The experiment of the first method requires reagents, equipment and a long time, has more uncertainty and higher costs, and is difficult to obtain the results. For the second method, due to more annotation information given by the sequencing company, seven commonly used major databases, such as nr database, have a large amount of data due to open source methods of the data but have more erroneous annotation information. Although kegg is more accurate, the kegg only studies more genes or proteins have annotation. Other databases have more problems. Further, since bioinformatics analysts usually lack of the professional knowledge of a specific research object, the results obtained through conventional parameters are less directed. How to efficiently, accurately and comprehensively obtain the target gene family is a difficulty in systematically studying a family gene.
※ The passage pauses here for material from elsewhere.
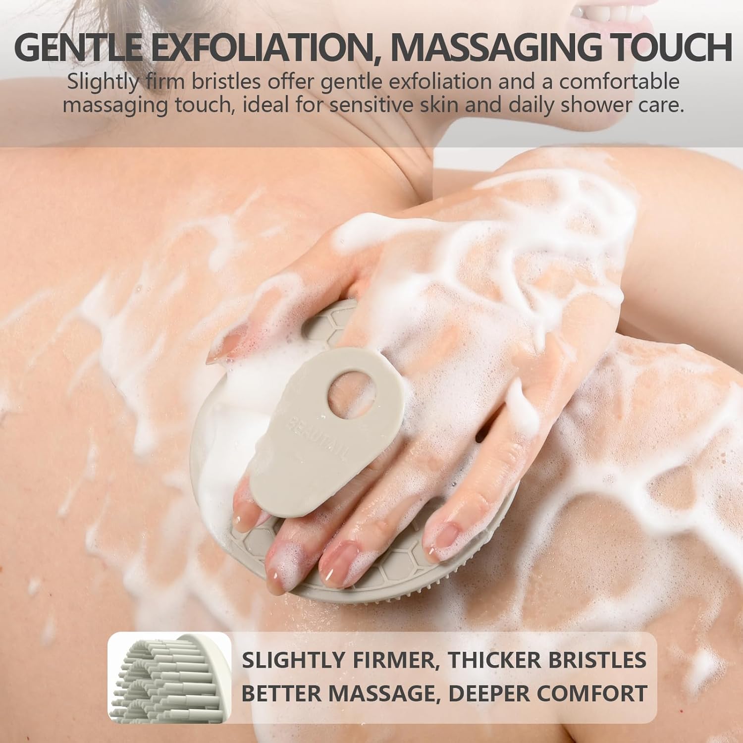 Silicone Body Scrubber with Scrub Net Set, BEAUTAIL 2 Pack for Rich Lather, Deep Cleansing, and Exfoliation – Durable, Easy to Clean, Gentle or Firmer Options – 1 Shower Brush Gray, 1 Scrub Net Gray
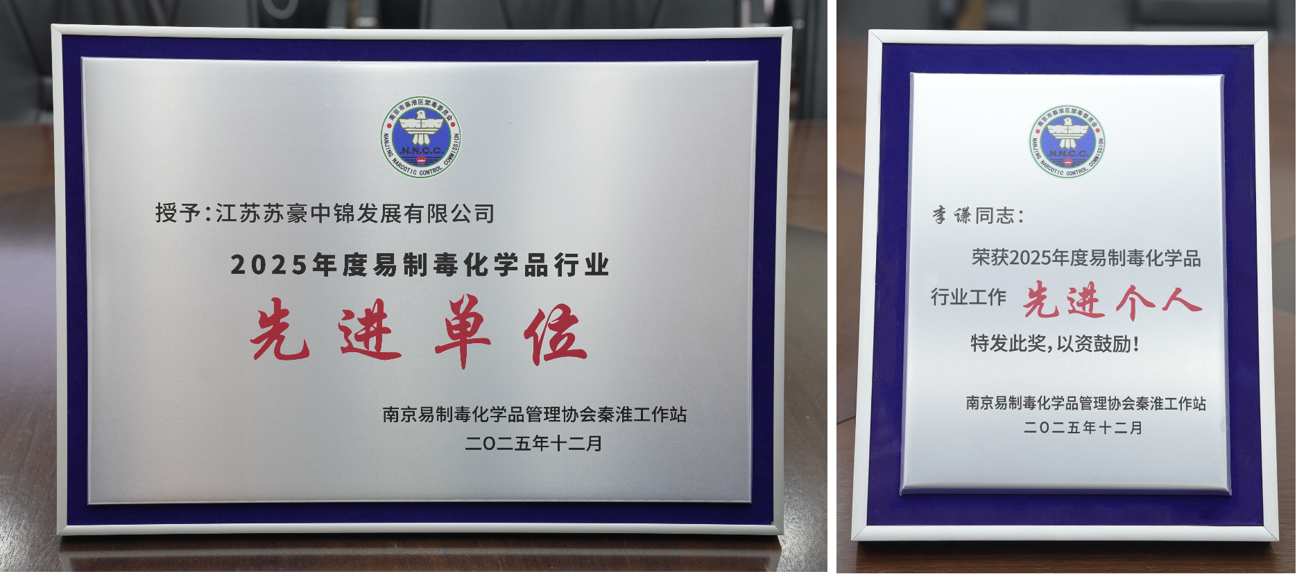 近日,在2025年度南京市秦淮區(qū)易制毒化學品單位總結表彰大會上,蘇豪中錦公司榮獲“2025年度易制毒化學品行業(yè)先進單位”稱號。公司員工李謙同時獲評“2025年度易制毒化學品行業(yè)工作先進個人”。

However, researchers in biology are often unable to obtain accurate information directly from the transcriptome (especially a nonparticipating transcriptome) due to lack of computer expertise (which is written with R language and other software platforms, and operation codes) in processing transcriptome or genome data or lack of high-quality equipment required for operational data. Meanwhile, most of the bioinformatics analysts have computer-related professional backgrounds, and often do not have biological expertise at a gene or protein level specific to a certain function. When processing data, the bioinformatics analysts often uses information from public databases to optimize algorithms or parameters to screen target genes. Results of precision studies for a certain gene family often have many errors and omissions. Meanwhile, during assembly and annotation processes of the nonparticipating transcriptome, it is very easy for gene family members to cause incomplete sequences, an assembly mismatch, and an annotation error in the results due to high similarity in sequences.
Therefore, it is urgent to find a method that is suitable for both biological researchers and bioinformatics analysts, does not require to be written with professional bioinformatics knowledge, software platforms such as R language or operation codes, can more conveniently, accurately and rapidly obtain all sequences of the target gene family in the genome-free species from the transcriptome data.
DETAILED DESCRIPTION OF THE INVENTION In order to solve the above problems, the present invention provides a method for rapidly obtaining a target gene family of a genome-free species based on a transcriptome, and more particularly relates to a visualization method for rapidly, efficiently, accurately and comprehensively obtaining all sequences of the target gene family for the genome-free species that does not require to be written with professional bioinformatics knowledge, R language and other software platforms, or operation codes, including the following steps: selecting a reference species and a series typological species, and using in combination gene search comparison software Bioedit, phylogenetic tree construction software MEGA6, and online analysis software MEME based on transcriptome data. The method successfully obtains all sequences of a PEBP gene family of chrysanthemum morifolium ramat, and is verified by a first-generation sequencing with an accuracy rate of 100%.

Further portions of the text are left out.